Machine learning is becoming ubiquitous. More and more services rely on it, and while embedded systems increasingly can run the models themselves, there are good reasons to execute models in the cloud. Models can be huge, like the multi-billion weight GPT models; there is a chance they contain sensitive data, and their output needs to be sanitized or something third. This post is on the fundamentals of a scalable ML architecture.

As a demo, I have implemented the core of a scalable system to build on online API to execute a model. The architecture is relatively straightforward: We use an Elixir frontend, which is expected to carry out responsibilities like authentication etc. We use RabbitMQ as a queue system and a Python service to execute the models.

The Walk Though

First, the code is available at GitHub. Principally, there are three components to pay attention to: The Elixir GraphQl API server, the Python model runner, and the infrastructure defined in respective docker files and the docker-compose.yml.

The application server is a standard Elixir Phoenix setup using Absinthe to handle the GraphQl interface and AMQP to handle the interface to the RabbitMQ message broker. One of the things to keep in mind for services that are a part of a more extensive setup is that we need to develop it and test it in isolation. Hence the module that implements functions for RPC over RabbitMq id mocked and has an IO implementation that merely echoes what it gets. This yields a solution where the only code that can not be tested on the service level is the production implemented of the RPC module, which is sufficient.

We use a machine-learned model written in Python using PyTorch. The example code is moved over and augmented by the glue, making it responsive to new requests in the queue.

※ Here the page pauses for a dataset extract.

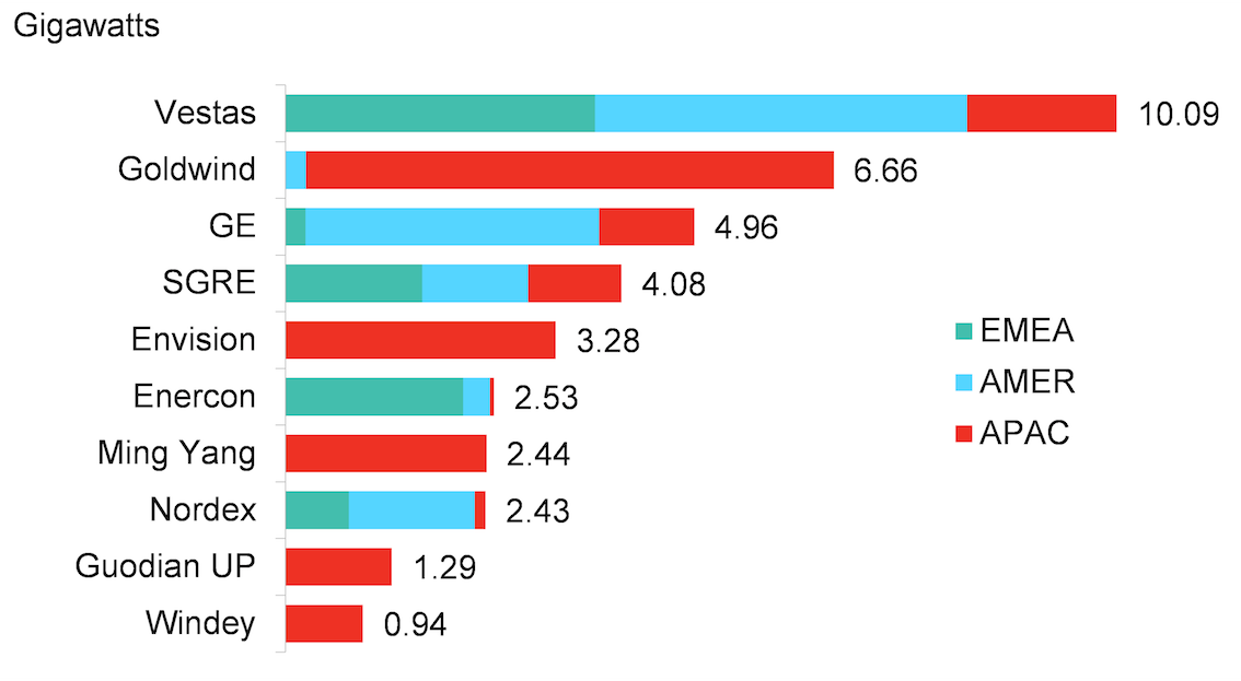 Goldwind pasó del tercer al segundo lugar, gracias a su buena posición en el mercado chino, donde se hizo con un tercio del mercado de 19,3 GW. La huella global de la compañía, sin embargo, sigue siendo limitada: solo el 5% de los 6,7GW de Goldwind fueron comisionados fuera de China. GE quedó en tercer lugar con 5 GW: seis de cada diez de sus turbinas tuvieron como escenario EEUU. Tanto GE como Vestas pusieron en marcha algo más de 3 GW en este país.

Lastly, everything is orchestrated using docker-compose. this includes Docker files for each project and a docker-compose.yml file to start everything.

Concerns

When developing complex solutions, there are a plethora of concerns to be thoughtful about. These are simply some of them.

API design: The API has a single query to translate. This choice is mainly for convenience and can certainly be challenged. We would probably use mutations for ML model invocations as they have sufficient side effects. For some models, it might return different outputs per invocation, and for all cases, it incurs a const to invoke why we probably want to avoid letting clients re-invoke several times as retry strategies.

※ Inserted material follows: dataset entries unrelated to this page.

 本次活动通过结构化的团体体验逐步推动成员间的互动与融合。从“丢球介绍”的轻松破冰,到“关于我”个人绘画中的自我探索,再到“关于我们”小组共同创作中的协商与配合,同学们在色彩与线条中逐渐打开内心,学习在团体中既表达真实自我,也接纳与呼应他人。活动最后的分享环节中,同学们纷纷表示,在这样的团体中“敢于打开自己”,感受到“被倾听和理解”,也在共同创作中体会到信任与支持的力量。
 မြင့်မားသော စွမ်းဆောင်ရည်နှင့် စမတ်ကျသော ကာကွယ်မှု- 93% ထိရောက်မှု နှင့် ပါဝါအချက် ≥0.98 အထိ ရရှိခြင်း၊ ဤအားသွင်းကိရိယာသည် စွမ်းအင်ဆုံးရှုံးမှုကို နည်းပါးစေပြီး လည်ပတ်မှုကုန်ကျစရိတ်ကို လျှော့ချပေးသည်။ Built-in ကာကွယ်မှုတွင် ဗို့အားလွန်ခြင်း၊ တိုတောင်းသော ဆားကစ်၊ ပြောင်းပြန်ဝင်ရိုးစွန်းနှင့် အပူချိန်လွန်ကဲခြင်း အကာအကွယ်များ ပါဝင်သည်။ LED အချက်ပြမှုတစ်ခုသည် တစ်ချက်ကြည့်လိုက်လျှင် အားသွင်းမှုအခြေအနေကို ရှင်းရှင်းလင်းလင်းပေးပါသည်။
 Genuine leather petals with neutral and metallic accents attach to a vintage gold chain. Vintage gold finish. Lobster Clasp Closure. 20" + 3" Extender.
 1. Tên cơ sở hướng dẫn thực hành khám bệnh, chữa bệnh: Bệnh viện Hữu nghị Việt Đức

Indirection: Using a queue system introduces indirection. Signals are sent, and we wait for the return. These systems do not have any runtime call stack, and it is even less so possible to follow a call in the code editor. Ie. Indirection makes code harder to read. Use indirection sparingly and only when there is a good reason.

Scaling: The core decisions have been made for this architecture to scale. We can freely add as many model runners to the system as we see fit. A natural next step would be to add auto-scaling to the model runners in order to respond fast in peak time and save money when demand is low.

Models: In this example, the model weights have simply been added to the docker image. If the model is updated, it is an orchestration concern to make sure that the running containers are updated. This should be as straightforward as just starting new containers and signal the old ones to shut down.

However, if we have large enough churn on the models, say we have individual models per user, we probably need another strategy. Depending on the use case, we might let all the models run in parallel and have multiple topics in RabbitMQ or we can download models as files on demand and cache them.

Final Thoughts

This implementation is representative and by no means production-ready. A lot of tweaking is needed to be done. However, it shows the basic structure for services that has a disconnect between resource-intensive parts and light resources.

When developing these types of infrastructures, it is expected that they will change when exposed to real-life usage patterns. Furthermore, this simple example touches on many different technologies. In a scale-up scenario, this system would probably be managed by at least three people: the data scientist/engineer developing the model runner, an application engineer developing the API service, and somebody with the infrastructure as their primary concern.